If the function is working, the code block below should give you the following outputs:
```
[1, 0, 1, 2, 3, 4]
[2, 1, 2]
[2, 1, 2, 1, 2, 3, 4]
```

In [11]:
print(nextrow([0, 1, 2, 3, 4, 5], 'IDAHO','I'))
print(nextrow([1, 2, 1], 'IT', 'I'))
print(nextrow([1, 0, 1, 2, 3, 4, 5], 'TERROR', 'R'))

[1, 0, 1, 2, 3, 4]
[2, 1, 2]
[2, 1, 2, 1, 2, 3, 4]


# 5 Making the entire table
Now we can define the `minedit()` function, building an entire minimum edit distance table. The prep work we've done, building component functions, considerably simplifies things. 
1. Write a function labeled `minedit` that takes two words `word1` and `word2` as input. 
2. Within that function, use some label (like `m` as in `m=len(word1)`) to stand for the length of `word1`, and use another label (like `n`) to stand for the length of `word2`.
3. Create the first row of the table with `firstrow(m)`. That creates a row incrementing from 0 for each letter in `word1`. Give this first row the label `priorrow`: 
```
priorrow = firstrow(m)
```
4. Then create a list called `table` containing the first row (under the alias `priorrow` for now).
5. You then need a *for*-loop that iterates over `range(n)`, the number of letters in `word2`. For each `i` in that range, create a new row using the `nextrow()` function. Then append that row to `table`, and update `priorrow` to be this new row.
6. This *for*-loop will generate all the rows for the table.
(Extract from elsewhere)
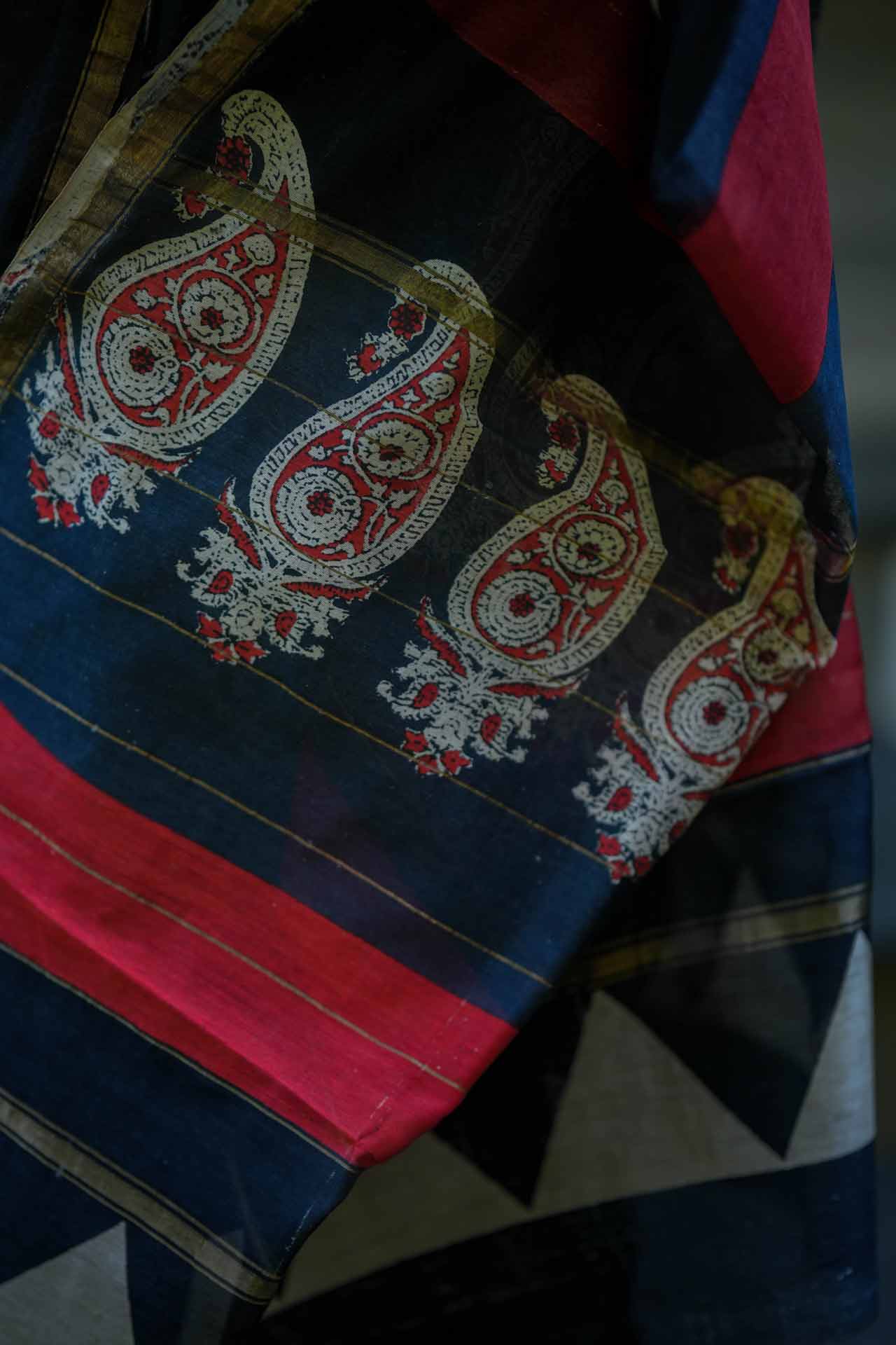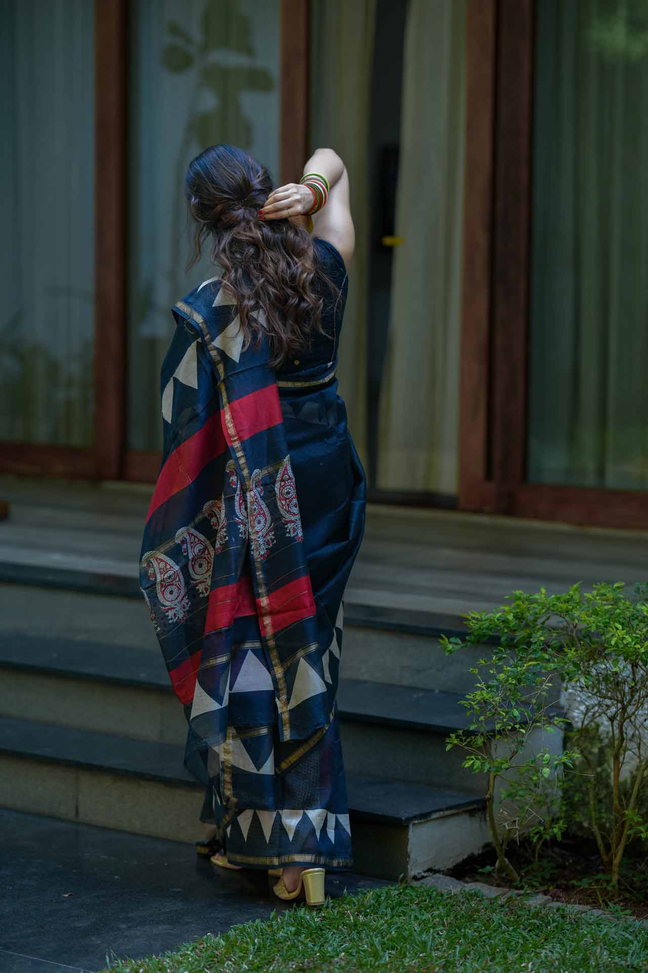 This Black Chanderi Silk Saree with Thin Golden Zari Border & Geometric Pattern, Enhanced with Heavy Red & White Work in Pallu, is an ode to elegance, tradition, and artistic craftsmanship. Whether paired with golden jewelry for a regal look or minimal accessories for a modern appeal, this saree is a must-have for every fashion-conscious woman.
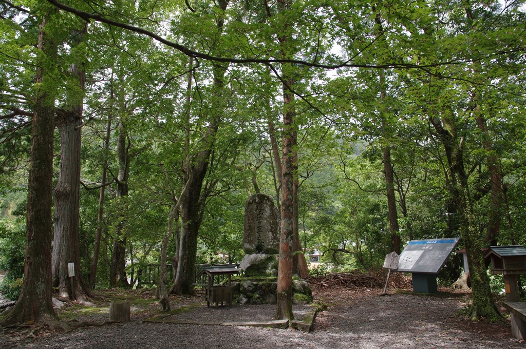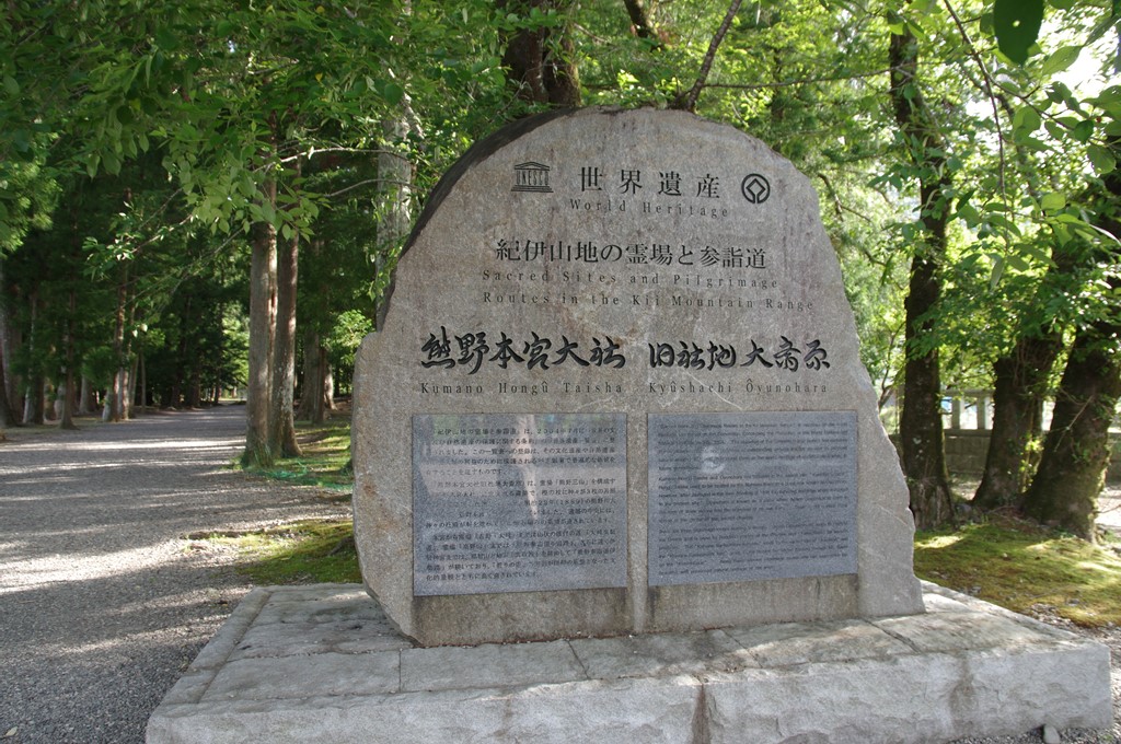 最後の写真18は、旧社地、すなわち大斎原の前にある世界遺産石碑(熊野本宮大社旧社地大斎原)です。本宮は熊野川・岩田川・音無川の合流点の中州であった旧地に鎮座していましたが、1889年(明治22)8月の熊野川の洪水で破壊されて、現在の社地に移転しました。旧地も神聖な社地の森として「大斎原」となっています。以上でハイキングと参拝は終わりです。16時50分過ぎでした。

The last thing to do is just return the output list `table`.

In [12]:
def minedit(word1, word2):
  m = len(word1) # input word
  n = len(word2) # correct word

  prior_row = firstrow(m)
  table = []
  table.append(prior_row)

  for index in range(n):
    next_row = nextrow(prior_row, word1, word2[index])
    table.append(next_row)
    prior_row = next_row
  
  return table

When you're done, try out the code block below.

In [14]:
# print_table(minedit("IDAHO","IDOL"))
# print_table(minedit("IT","TI"))
# print_table(minedit("SHRIEK","GHOST"))
# print_table(minedit("TERROR","TRERO"))


# This is my answer for Skills Day 1 Question 13
# print_table(minedit("LINGUISTICS", "LOGICIAN"))
print_table(minedit("RAY", "RO" ))

0	1	2	3	
1	0	1	2	
2	1	2	3	



Next time, we will work on using tables like this to create an automated typo-correction system. 

If you finish early here, there are a few things that would be useful to work on.
1. Try 'beautifying' the table output. Include letter labels for the columns and rows, using the symbol `'#'` for the beginnings of words, like we saw in the slides.
2. There are lots of ways to optimize the algorithm above. If you can think of anything, let me know; I'll give you a free point in a skill of your choosing.
3. Think about how you could modify the `substitution_penalty()` function to be sensitive to the *likelihood* of different substitutions. For instance, two letters are more likely to be substituted if they are closer on a keyboard. Substituting *R* for *T* should incur less of a penalty than substituting *P* for *Z*. If you want, I can give you a list of distances between keys.
4. Think about bringing transpositions into this system (that's like swapping *L* and *I* in *SILD* for *SLID*, or *R* and *N* in *SPNIRT* for *SPRINT*). What kind of information would you need to calculate the cost of a transposition error? Where would you call such a function in the algorithm above?